*ENTRIES SHOWN:*
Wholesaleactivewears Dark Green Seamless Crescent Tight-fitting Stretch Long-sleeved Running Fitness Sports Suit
...
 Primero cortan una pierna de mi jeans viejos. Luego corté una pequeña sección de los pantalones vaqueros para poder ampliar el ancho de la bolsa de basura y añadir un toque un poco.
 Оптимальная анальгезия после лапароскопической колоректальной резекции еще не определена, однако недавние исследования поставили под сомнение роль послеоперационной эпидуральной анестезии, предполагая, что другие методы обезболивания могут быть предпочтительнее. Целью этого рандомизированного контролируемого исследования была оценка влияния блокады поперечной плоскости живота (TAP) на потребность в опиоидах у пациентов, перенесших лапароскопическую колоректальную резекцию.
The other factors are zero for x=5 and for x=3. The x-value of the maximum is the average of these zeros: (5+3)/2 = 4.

*WORK INSTRUCTIONS:* Your task is to retype the entries verbatim, starting with the line that holds "Primero cortan una" and stopping after the line that holds "The other factors".

*YOUR RESPONSE:*
 Primero cortan una pierna de mi jeans viejos. Luego corté una pequeña sección de los pantalones vaqueros para poder ampliar el ancho de la bolsa de basura y añadir un toque un poco.
 Оптимальная анальгезия после лапароскопической колоректальной резекции еще не определена, однако недавние исследования поставили под сомнение роль послеоперационной эпидуральной анестезии, предполагая, что другие методы обезболивания могут быть предпочтительнее. Целью этого рандомизированного контролируемого исследования была оценка влияния блокады поперечной плоскости живота (TAP) на потребность в опиоидах у пациентов, перенесших лапароскопическую колоректальную резекцию.
The other factors are zero for x=5 and for x=3. The x-value of the maximum is the average of these zeros: (5+3)/2 = 4.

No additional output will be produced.